Un programme d’échanges culturels entre quatre villes japonaises et des partenaires africains a été suspendu après une polémique née d’une rumeur sur l’immigration clandestine. L’affaire met en lumière l’influence des fausses informations et la sensibilité persistante de l’opinion publique japonaise sur la question migratoire.
Fin août, les municipalités de Kisarazu, Imabari, Nagai et Sanjo avaient été choisies pour accueillir un projet de coopération avec le Ghana, le Nigeria, le Mozambique et la Tanzanie. L’initiative devait renforcer les liens culturels et éducatifs par des échanges de jeunes et des actions locales.
Peu après l’annonce, un communiqué erroné émanant du Nigeria a laissé entendre que le Japon allait instaurer un visa spécial permettant à des ressortissants africains de vivre et de travailler dans ces villes. Bien que rapidement rectifiée, l’information a été massivement partagée en ligne, donnant naissance à une rumeur sur une ouverture migratoire inédite.
Sur les réseaux sociaux japonais, le projet a été présenté comme un vecteur d’immigration de masse. En quelques jours, les municipalités concernées ont reçu une avalanche de réactions : certaines ont enregistré jusqu’à deux cents appels quotidiens et plus d’un millier de courriels. De nombreux messages exprimaient des inquiétudes virulentes, souvent teintées de xénophobie.
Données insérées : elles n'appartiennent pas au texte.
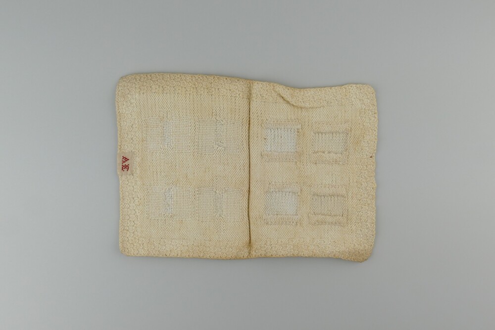 proeflap van katoen, gemerkt A E, circa 1920
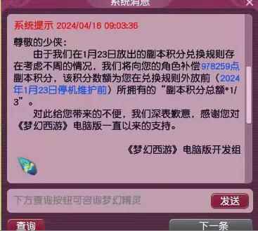 此时此刻,“玲珑宝图”再次回归,同时还有副本积分补偿,广大梦幻玩家都纷纷晒出了自己的补偿图来表达内心的喜悦,贴吧、自媒体平台都是玩家在讨论。 其中一位超级牛人,上线就收到了提示,获得97w的副本积分,他到底刷了多久的副本啊!!按照规定也就是说囤了接近300W副本积分,按照平均200点/个副本来算,他应该刷了1.5万个副本,而且都是没动过!

Sous la pression et face au climat de confusion, les autorités locales ont décidé de suspendre l’initiative. Elles ont rappelé que ce programme n’était en aucun cas lié à la politique migratoire, mais ont estimé que son maintien était devenu impossible.
Cet épisode souligne la vulnérabilité des projets de coopération internationale face aux campagnes de désinformation et rappelle la persistance des tensions au Japon autour de l’accueil des étrangers. Malgré un vieillissement démographique rapide et une main-d’œuvre en recul, les résidents étrangers représentent à peine 3 % de la population. Pourtant, les discours populistes appelant à renforcer les contrôles migratoires continuent de gagner du terrain.